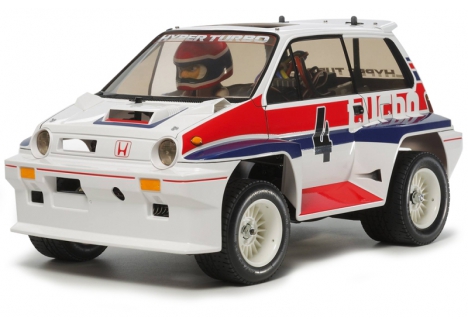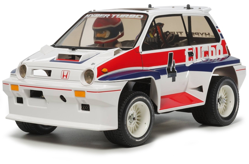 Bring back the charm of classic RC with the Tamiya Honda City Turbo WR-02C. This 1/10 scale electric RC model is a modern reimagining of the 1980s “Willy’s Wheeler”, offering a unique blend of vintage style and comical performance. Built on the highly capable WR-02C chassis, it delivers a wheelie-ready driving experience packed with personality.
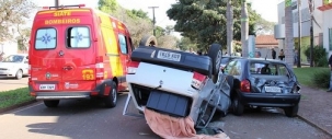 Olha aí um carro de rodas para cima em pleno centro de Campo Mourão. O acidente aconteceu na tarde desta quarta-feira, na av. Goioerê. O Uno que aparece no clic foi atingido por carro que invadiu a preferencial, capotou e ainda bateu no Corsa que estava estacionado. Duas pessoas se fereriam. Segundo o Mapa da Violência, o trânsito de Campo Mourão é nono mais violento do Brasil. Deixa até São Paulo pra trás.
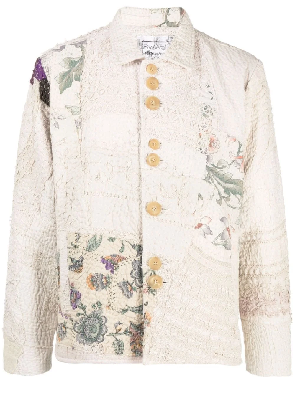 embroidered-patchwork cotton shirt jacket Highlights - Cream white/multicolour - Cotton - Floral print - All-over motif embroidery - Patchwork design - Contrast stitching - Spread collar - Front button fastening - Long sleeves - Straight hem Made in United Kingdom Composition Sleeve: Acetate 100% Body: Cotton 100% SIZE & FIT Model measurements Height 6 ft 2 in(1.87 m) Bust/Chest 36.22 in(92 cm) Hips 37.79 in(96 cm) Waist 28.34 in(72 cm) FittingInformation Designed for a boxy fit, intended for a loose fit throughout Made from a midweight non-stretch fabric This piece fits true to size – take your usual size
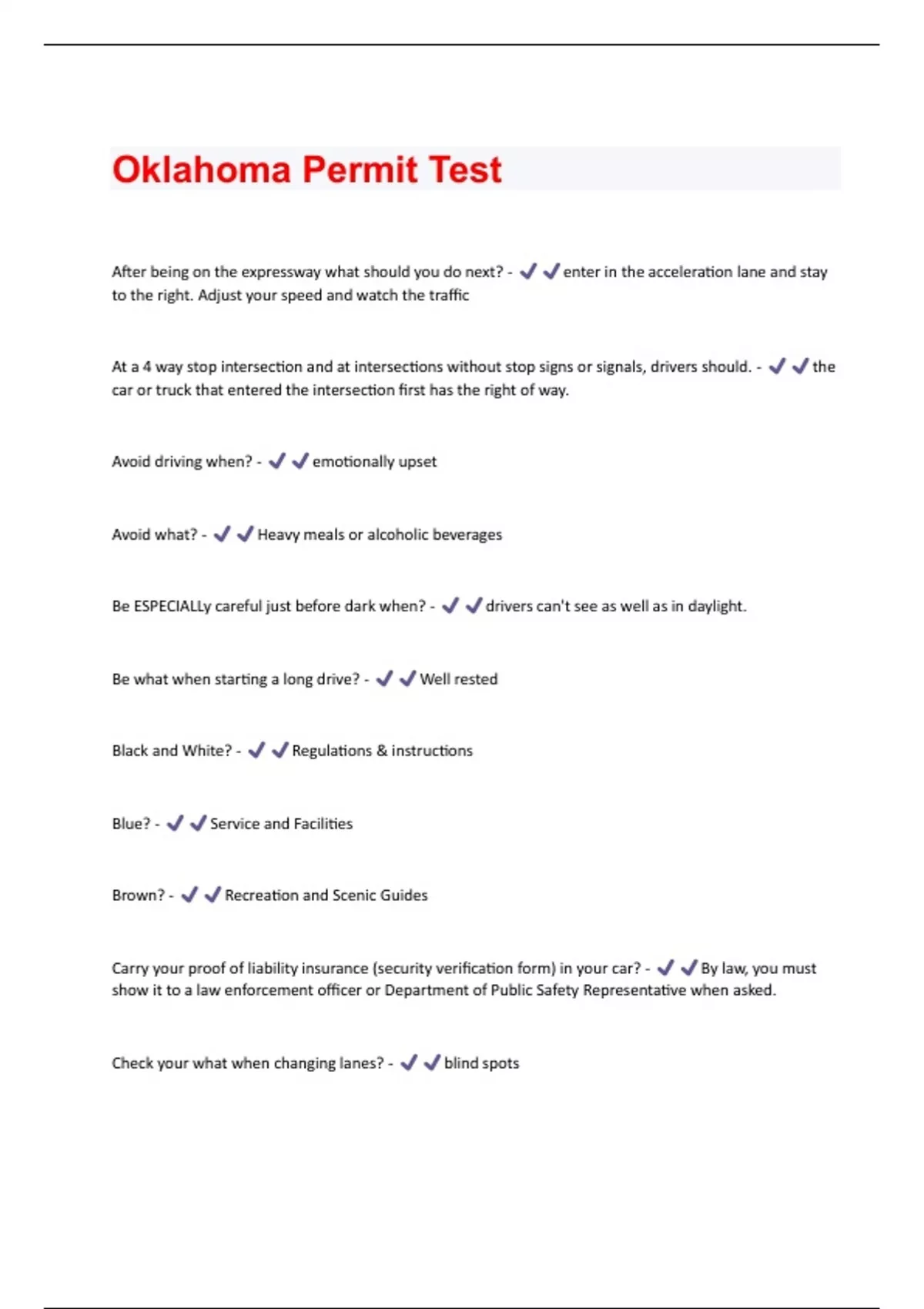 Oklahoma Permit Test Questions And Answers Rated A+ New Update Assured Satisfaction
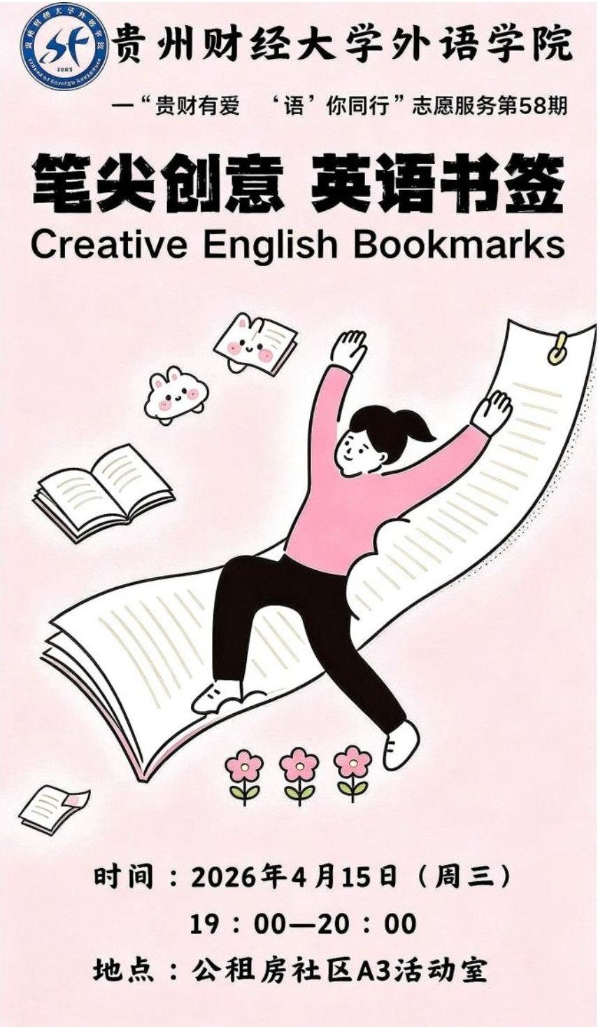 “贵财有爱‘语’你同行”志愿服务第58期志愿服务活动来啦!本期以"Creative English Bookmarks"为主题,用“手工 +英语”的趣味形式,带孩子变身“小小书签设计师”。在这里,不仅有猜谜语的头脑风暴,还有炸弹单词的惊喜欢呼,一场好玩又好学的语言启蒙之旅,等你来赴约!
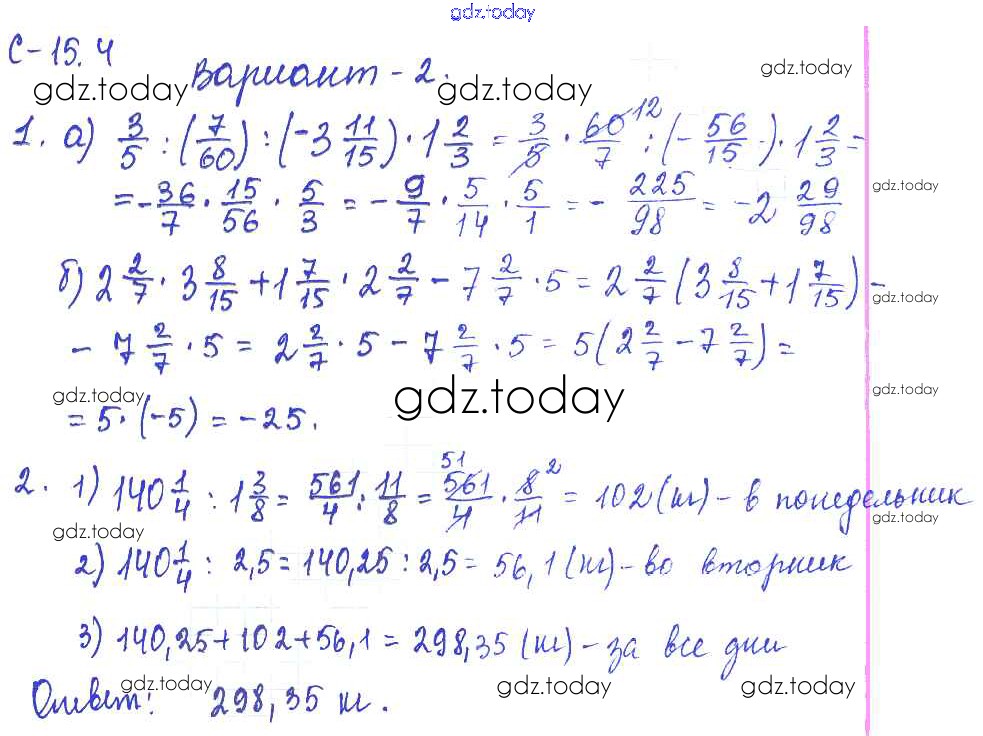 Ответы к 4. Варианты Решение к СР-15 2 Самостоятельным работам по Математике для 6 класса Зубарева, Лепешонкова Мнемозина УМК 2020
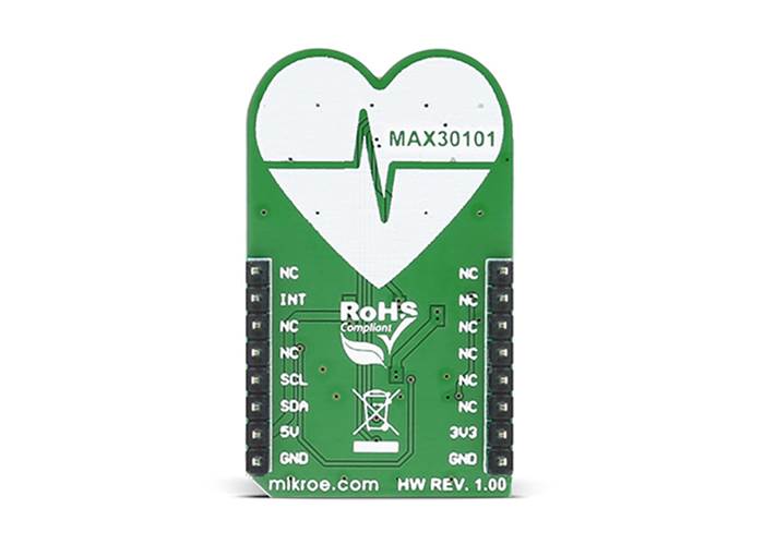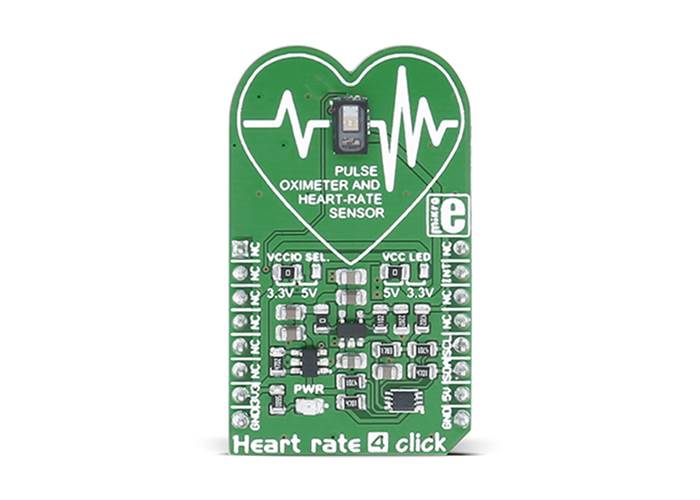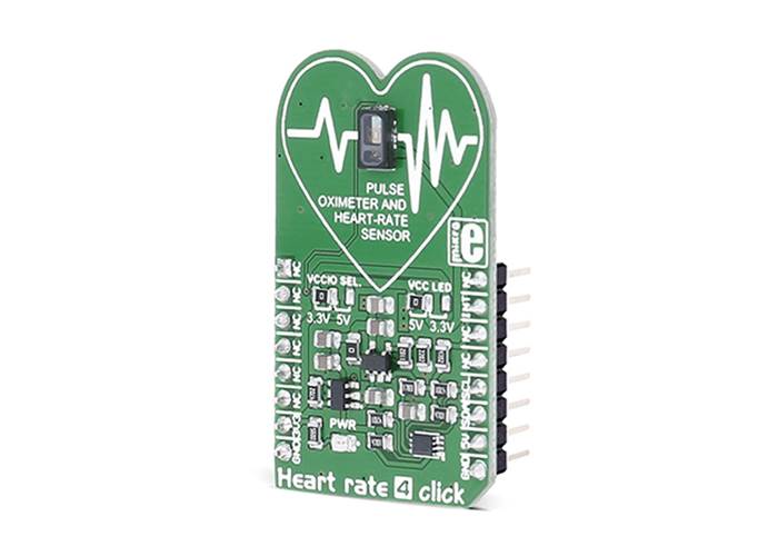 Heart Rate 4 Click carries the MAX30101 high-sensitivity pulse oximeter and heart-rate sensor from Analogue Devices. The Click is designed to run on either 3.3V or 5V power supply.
◇ ◇ ◇ ◇ ◇
** Exercise requirements **
Give the data again word for word, without images.

** Solution to this exercise **
 Bring back the charm of classic RC with the Tamiya Honda City Turbo WR-02C. This 1/10 scale electric RC model is a modern reimagining of the 1980s “Willy’s Wheeler”, offering a unique blend of vintage style and comical performance. Built on the highly capable WR-02C chassis, it delivers a wheelie-ready driving experience packed with personality.
 Olha aí um carro de rodas para cima em pleno centro de Campo Mourão. O acidente aconteceu na tarde desta quarta-feira, na av. Goioerê. O Uno que aparece no clic foi atingido por carro que invadiu a preferencial, capotou e ainda bateu no Corsa que estava estacionado. Duas pessoas se fereriam. Segundo o Mapa da Violência, o trânsito de Campo Mourão é nono mais violento do Brasil. Deixa até São Paulo pra trás.
 embroidered-patchwork cotton shirt jacket Highlights - Cream white/multicolour - Cotton - Floral print - All-over motif embroidery - Patchwork design - Contrast stitching - Spread collar - Front button fastening - Long sleeves - Straight hem Made in United Kingdom Composition Sleeve: Acetate 100% Body: Cotton 100% SIZE & FIT Model measurements Height 6 ft 2 in(1.87 m) Bust/Chest 36.22 in(92 cm) Hips 37.79 in(96 cm) Waist 28.34 in(72 cm) FittingInformation Designed for a boxy fit, intended for a loose fit throughout Made from a midweight non-stretch fabric This piece fits true to size – take your usual size
 Oklahoma Permit Test Questions And Answers Rated A+ New Update Assured Satisfaction
 “贵财有爱‘语’你同行”志愿服务第58期志愿服务活动来啦!本期以"Creative English Bookmarks"为主题,用“手工 +英语”的趣味形式,带孩子变身“小小书签设计师”。在这里,不仅有猜谜语的头脑风暴,还有炸弹单词的惊喜欢呼,一场好玩又好学的语言启蒙之旅,等你来赴约!
 Ответы к 4. Варианты Решение к СР-15 2 Самостоятельным работам по Математике для 6 класса Зубарева, Лепешонкова Мнемозина УМК 2020
 Heart Rate 4 Click carries the MAX30101 high-sensitivity pulse oximeter and heart-rate sensor from Analogue Devices. The Click is designed to run on either 3.3V or 5V power supply.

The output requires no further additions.